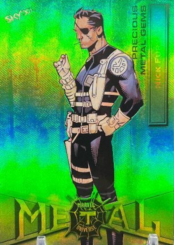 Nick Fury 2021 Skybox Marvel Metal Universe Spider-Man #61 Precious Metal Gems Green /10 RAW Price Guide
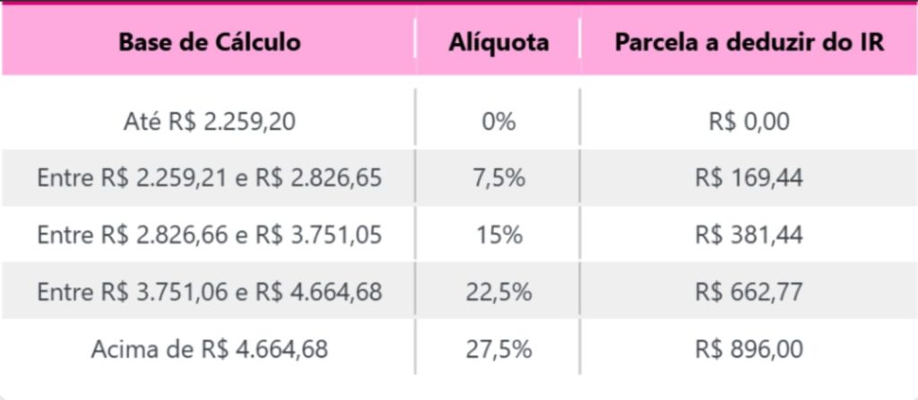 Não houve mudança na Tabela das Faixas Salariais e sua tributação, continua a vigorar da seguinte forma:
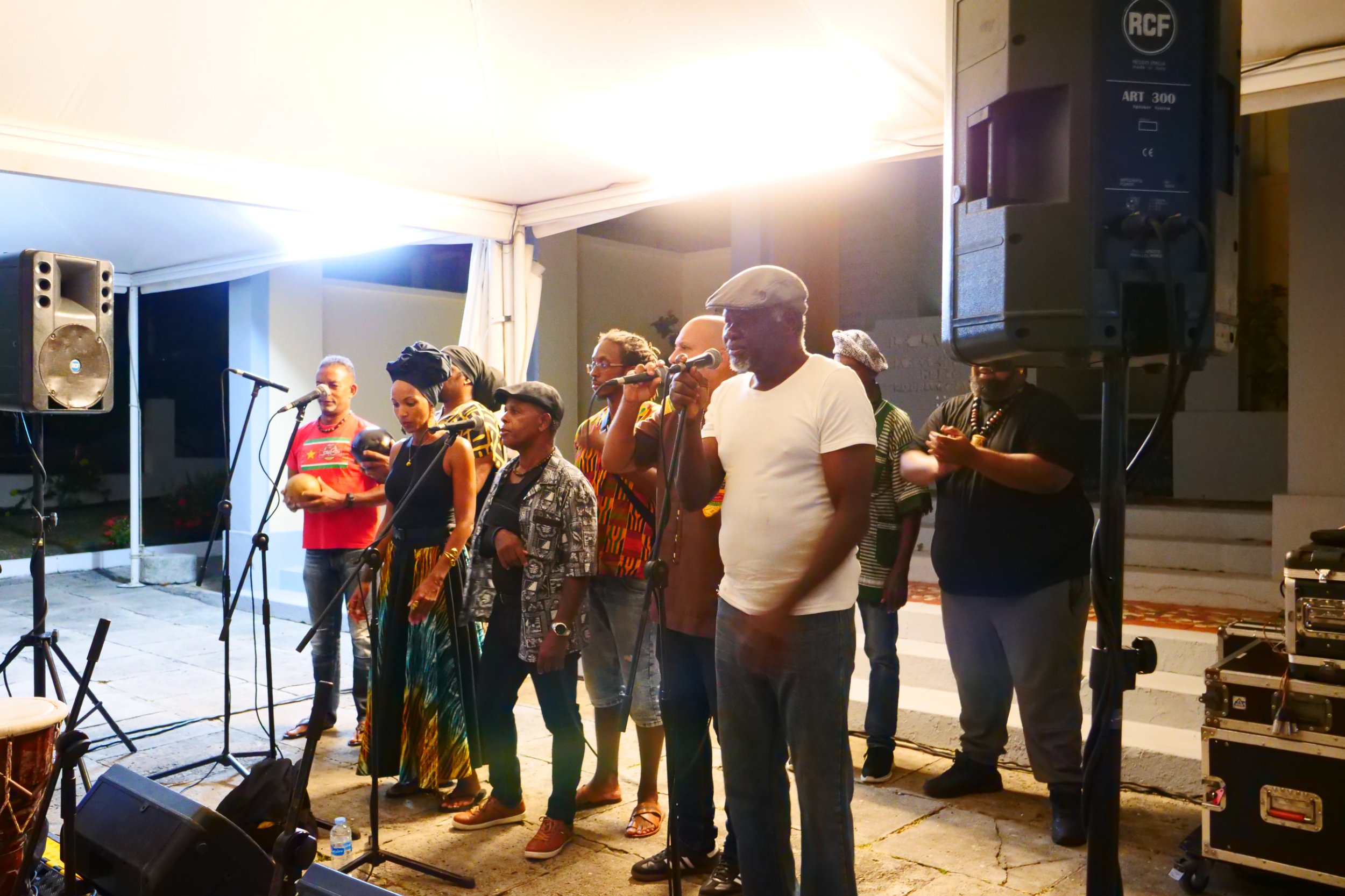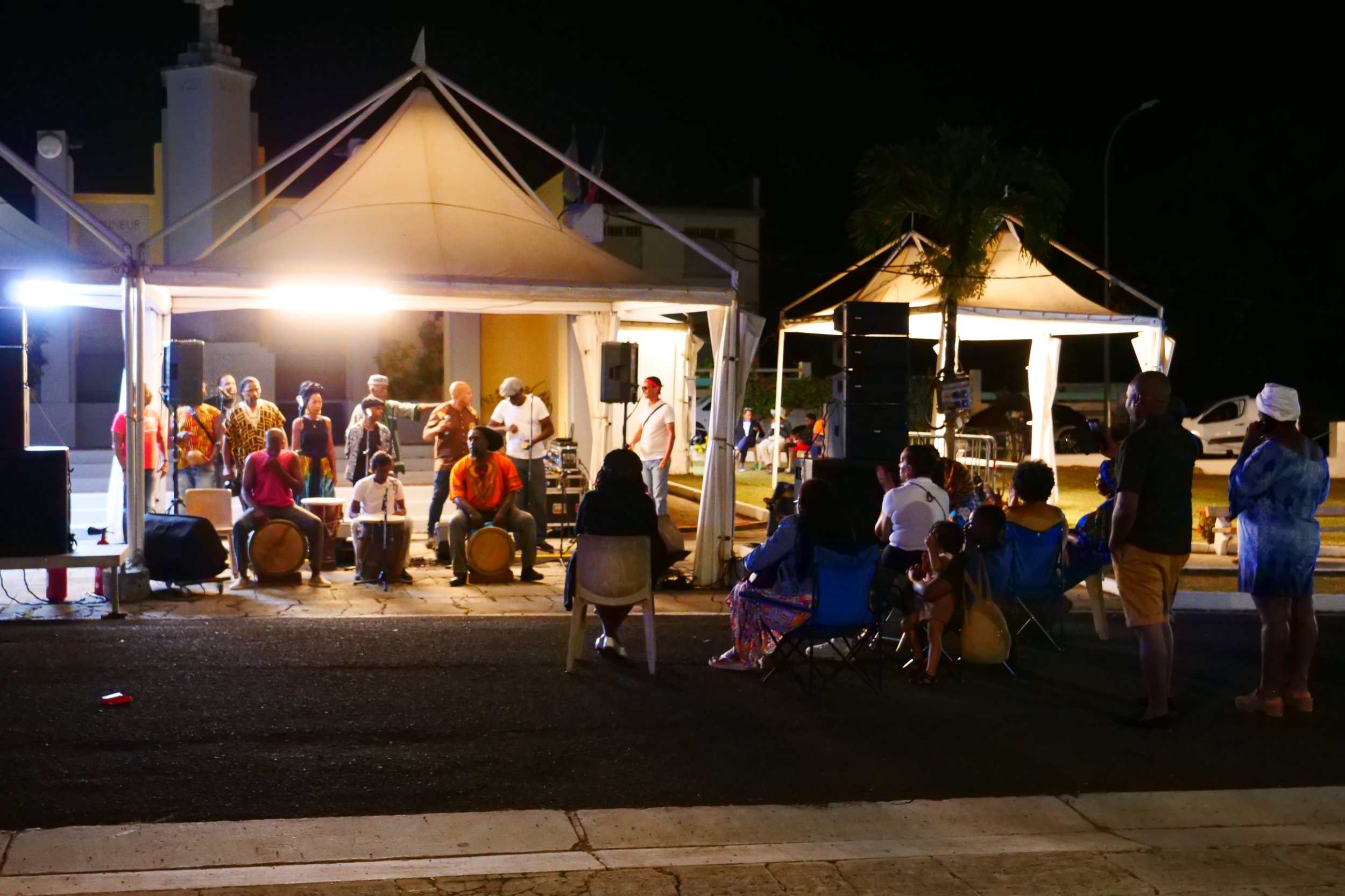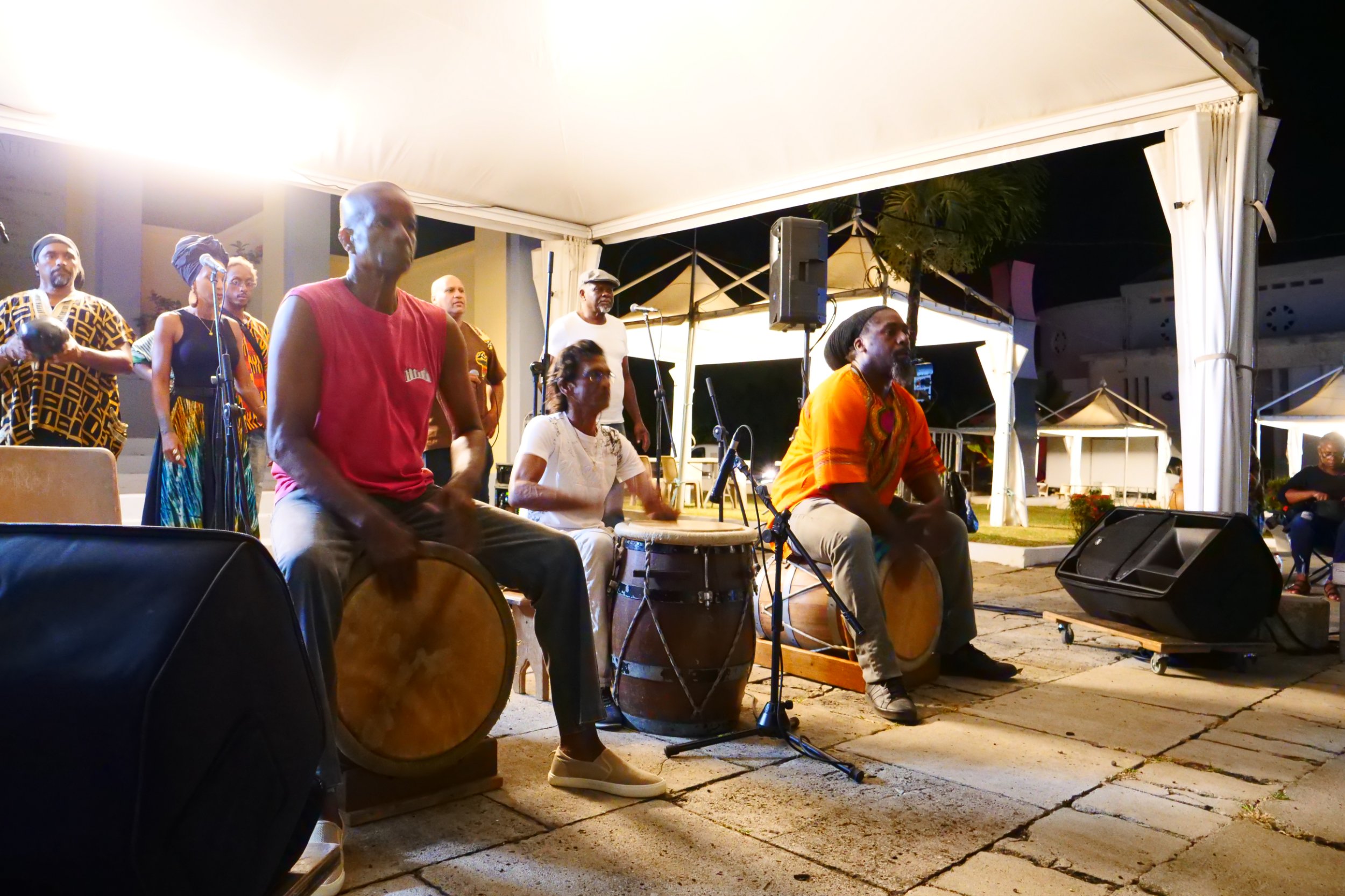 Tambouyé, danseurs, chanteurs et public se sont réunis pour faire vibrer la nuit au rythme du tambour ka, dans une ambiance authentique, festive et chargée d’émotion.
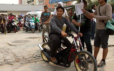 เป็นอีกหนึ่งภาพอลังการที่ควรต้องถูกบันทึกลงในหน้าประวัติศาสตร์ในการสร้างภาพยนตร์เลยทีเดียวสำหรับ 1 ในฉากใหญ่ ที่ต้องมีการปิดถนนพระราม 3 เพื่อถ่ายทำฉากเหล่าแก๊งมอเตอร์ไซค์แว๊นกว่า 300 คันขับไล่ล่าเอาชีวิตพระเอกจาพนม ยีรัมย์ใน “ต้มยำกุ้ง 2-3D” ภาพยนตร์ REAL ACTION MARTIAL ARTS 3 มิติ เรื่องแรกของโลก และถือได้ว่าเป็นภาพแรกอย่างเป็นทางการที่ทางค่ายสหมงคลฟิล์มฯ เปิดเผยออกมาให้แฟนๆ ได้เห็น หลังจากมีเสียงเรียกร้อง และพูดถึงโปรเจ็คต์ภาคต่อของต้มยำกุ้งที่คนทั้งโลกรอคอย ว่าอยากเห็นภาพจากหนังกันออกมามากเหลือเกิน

### Problem statement
Transcribe, word for word, the lines of the listing above from the one that contains "Não houve mudança" through the one that contains "Tambouyé, danseurs, chanteurs", keeping both ends and dropping the pictures.

### Response for this exercise
 Não houve mudança na Tabela das Faixas Salariais e sua tributação, continua a vigorar da seguinte forma:
 Tambouyé, danseurs, chanteurs et public se sont réunis pour faire vibrer la nuit au rythme du tambour ka, dans une ambiance authentique, festive et chargée d’émotion.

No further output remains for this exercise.